The defendant moved, at the bar of the court, to quash the summary proceedings when the same was called for trial. The reasons assigned, inter alia, are as follows:

“1. Because the transcript fails to show that the aider-man afforded an opportunity and suggested to the parties the propriety of compromising their differences before entering into a hearing, as required by the Act of March 18, 1909, P. L. 42, sec. 3,19 PS §26.

“2. Because the transcript fails to show that the aider-man entered into a full hearing and investigation of the facts, as required by the Act of March 18,1909, P. L. 42, sec. 1, 19 PS §24.

“3. Because the transcript fails to set forth that the prosecutrix’s danger of being hurt in body or estate was actual, and that the threats were made by the defendant maliciously and with intent to do harm, as required by the Act of March 18,1909, P. L. 42, sec. 1,19 PS §24.

“4. Because the alderman did not file his return immediately, as required by the Act of April 27,1909, P. L. 260, sec. 1, 19 PS §27.

“5. Because the recognizance taken for the appearance of the defendant was not made forthwith, as required by the Act of April 27,1909, P. L. 260, sec. 2,19 PS §28.”
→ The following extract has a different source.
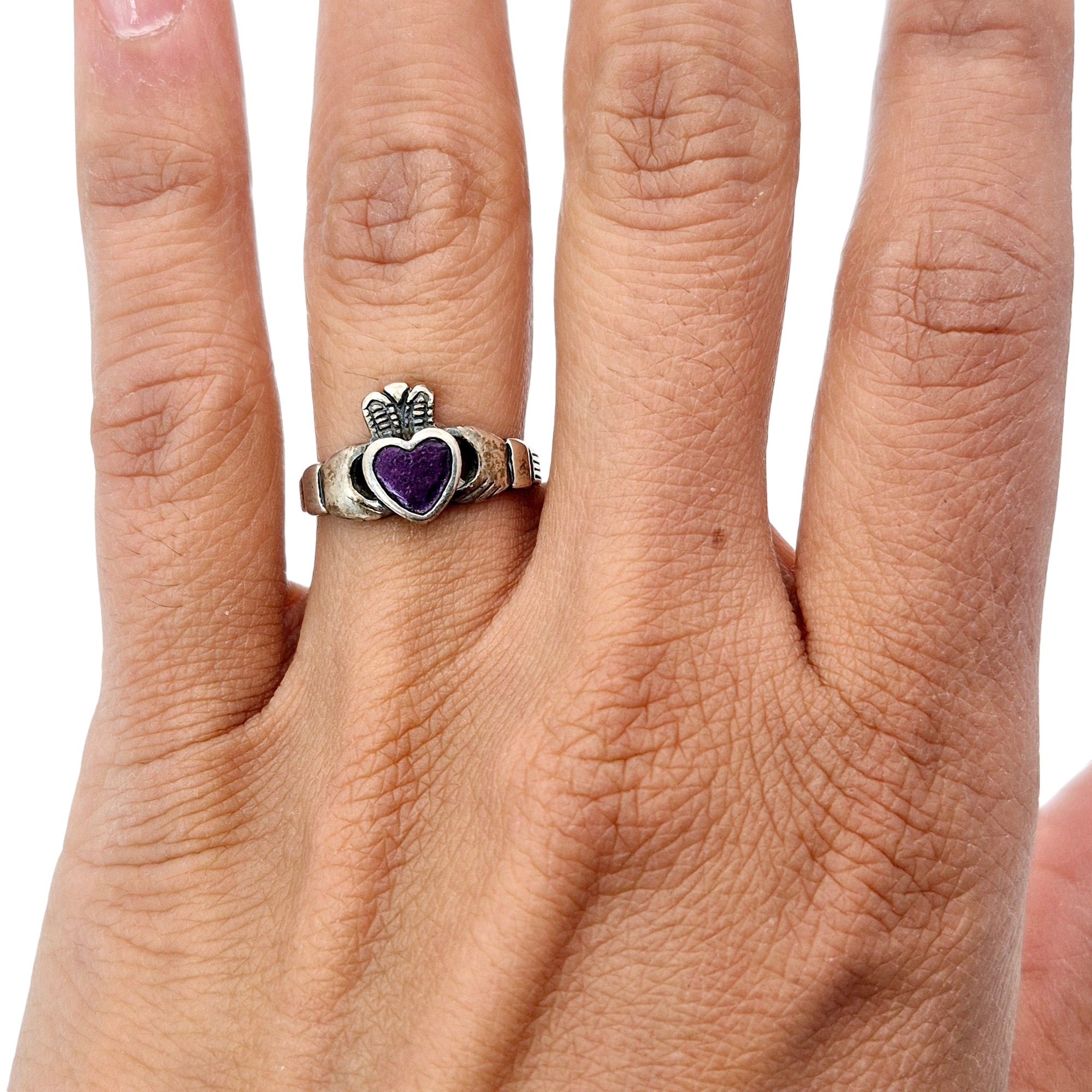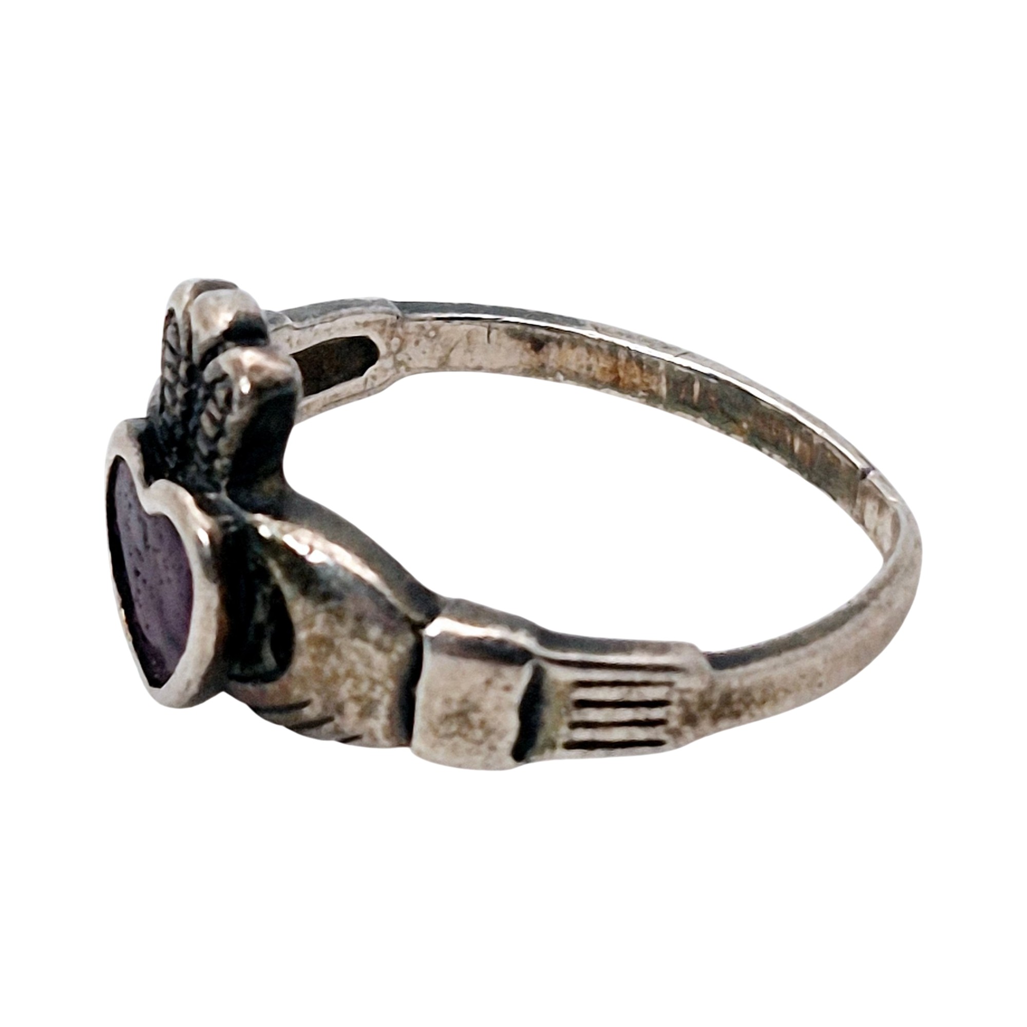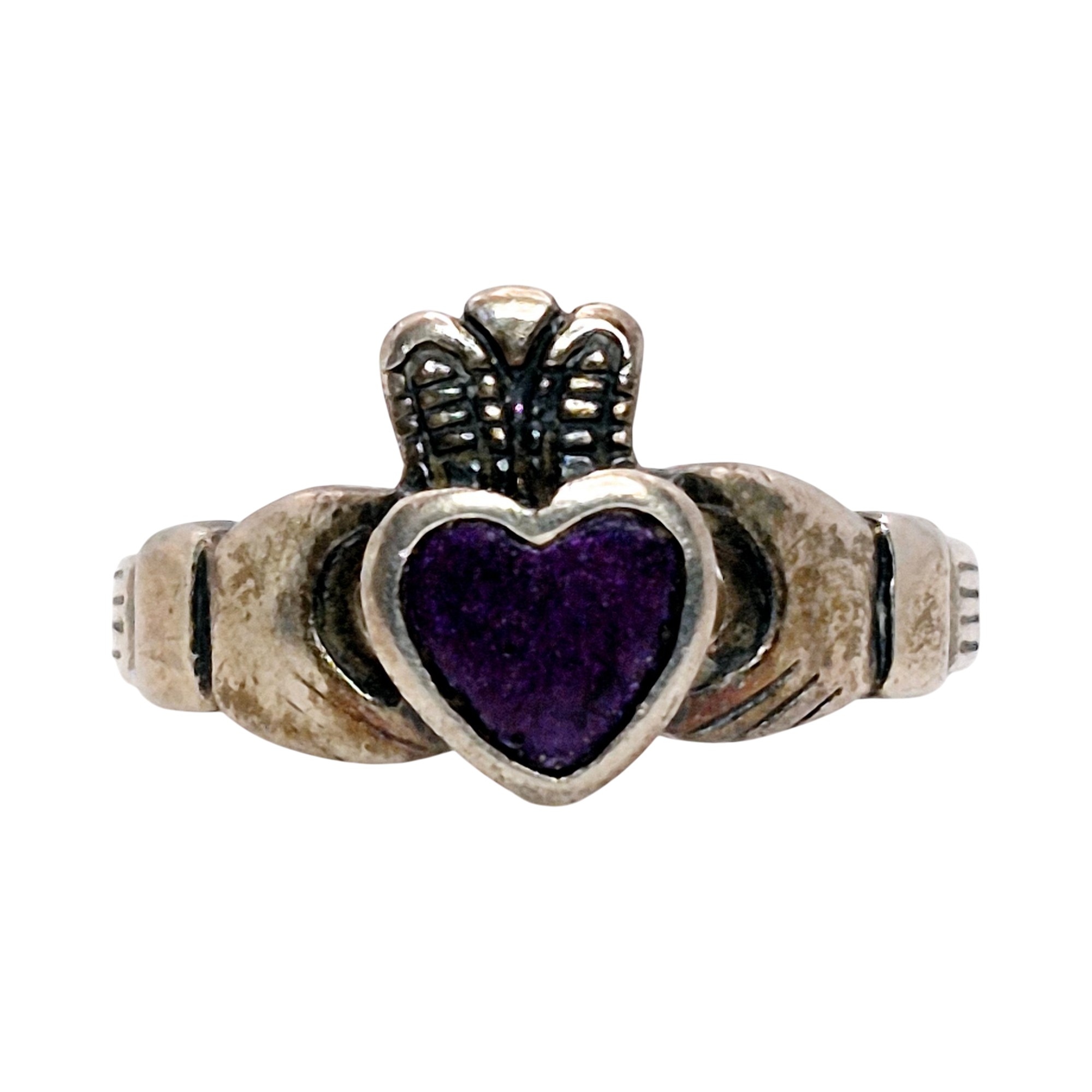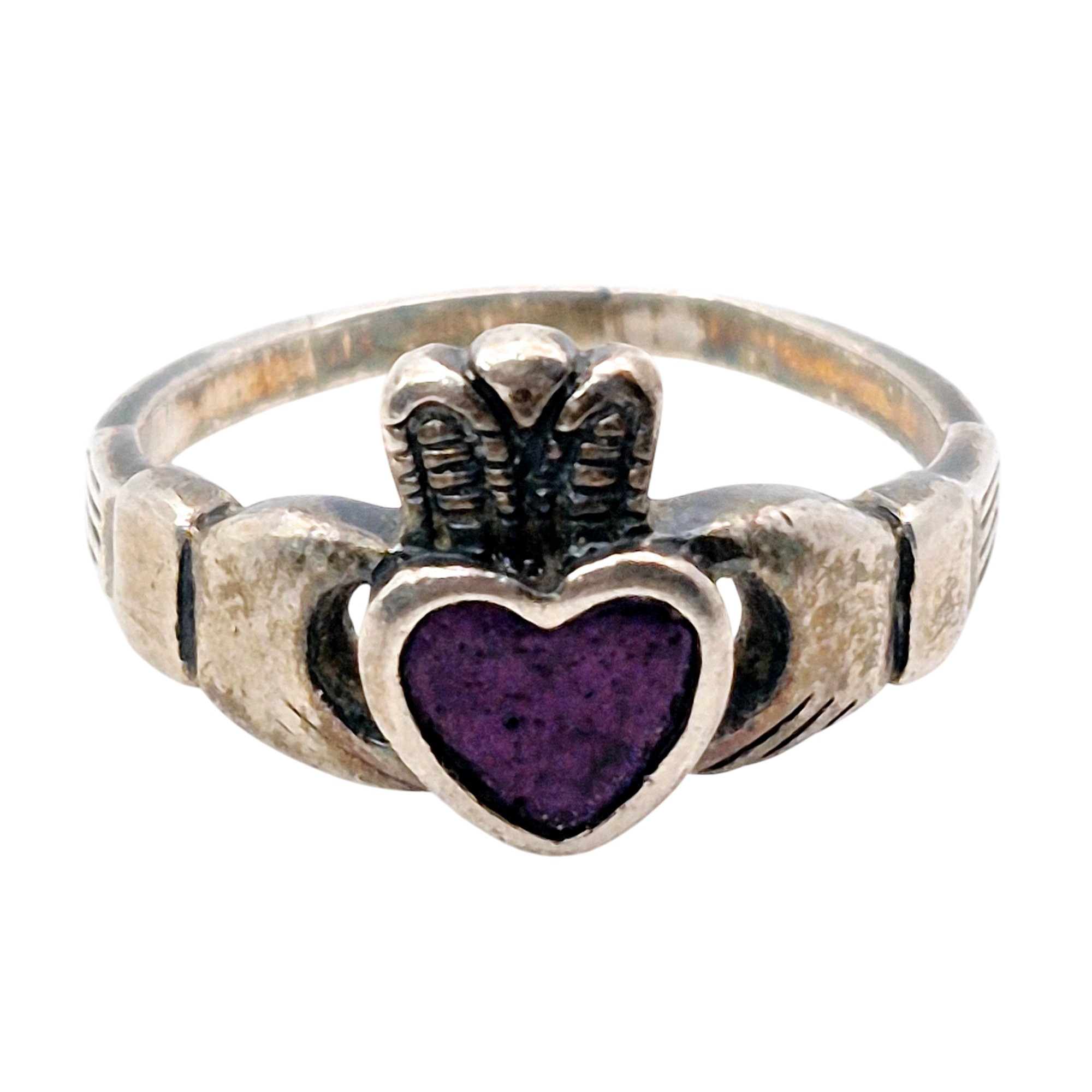 Sterling purple stone claddagh ring size 5.5 2.6 G

The motion will have to be granted because of the first four reasons.

The Act of March 18, 1909, P. L. 42, sec. 1, provides that: “In all cases of surety of the peace, the justice of the peace before whom such case is instituted shall, before he binds anyone over to the next term of the court of quarter sessions and in the meantime to keep the peace, upon the oath of another, as provided by section six of the act of March thirty-one, one thousand eight hundred *208and sixty (Pamphlet Laws, four hundred and twenty-seven) , enter into a full hearing and investigation of the facts; and shall only bind over the defendant when the evidence shows, to the satisfaction of the justice, that the prosecutor’s or prosecutrix’s danger of being hurt in body or estate is actual, and that the threats were made by the defendant maliciously and with intent to do harm.”

This section was preceded by the following preamble:

“Whereas, The oath which warrants the arrest of one who shall threaten the person of another, and his binding over to the next term of quarter sessions court and to keep the peace in the meantime, is often hastily and thoughtlessly made; and great costs unjustly put upon the several counties of the commonwealth by having many trivial cases sent to court; therefore, to remedy this evil”.

Section 3 of said act also provides:

“It shall be the duty of the justice of the peace, who has entertained a complaint in a surety of the peace case, to afford an opportunity and to suggest to the parties the propriety of compromising their differences before entering into a hearing.”

The Act of April 27, 1909, P. L. 260, sec. 1, expressly states that the alderman shall perform the following duty with respect to a return of the proceedings before him, as follows :

“Where a magistrate, alderman, or justice of the peace hearing any surety of the peace or desertion case shall determine to return the same to the court of quarter sessions, such return, instead of being made to the next court of quarter sessions, shall be filed immediately with the clerk of said court; and the judge or judges of the said court of quarter sessions may, whenever the said court is in session, and it is convenient, dispose of the said complaint.”

A justice’s record of a surety of peace case must show jurisdictional facts required by this act: (a) That the justice suggested to the parties the propriety of compro*209mising their differences; (b) full hearing and investigation of facts, and (c) that there was actual danger of prosecutor being hurt in body or estate and threats were made by defendant with intent to do harm, and if it fails to do so, the transcript will be quashed: Commonwealth v. Kern, 3 D. & C. 384 (1922). To the same effect, see Commonwealth v. Fidorek, 14 West. 33, 73 Pitts. 1080 (1925).

Under this act, it is the duty of the justice, before hearing surety of peace complaints, to make an effort to induce parties to compromise their differences, and unless the transcript shows performance of this duty, the return will be quashed: Commonwealth v. Cutsavage, 28 Dist. R. 736; Commonwealth v. Lucas, 5 D. & C. 179 (1924); Commonwealth v. Kraus, 1 D. & C. 531 (1922); Commonwealth v. Rice, 8 D. & C. 295.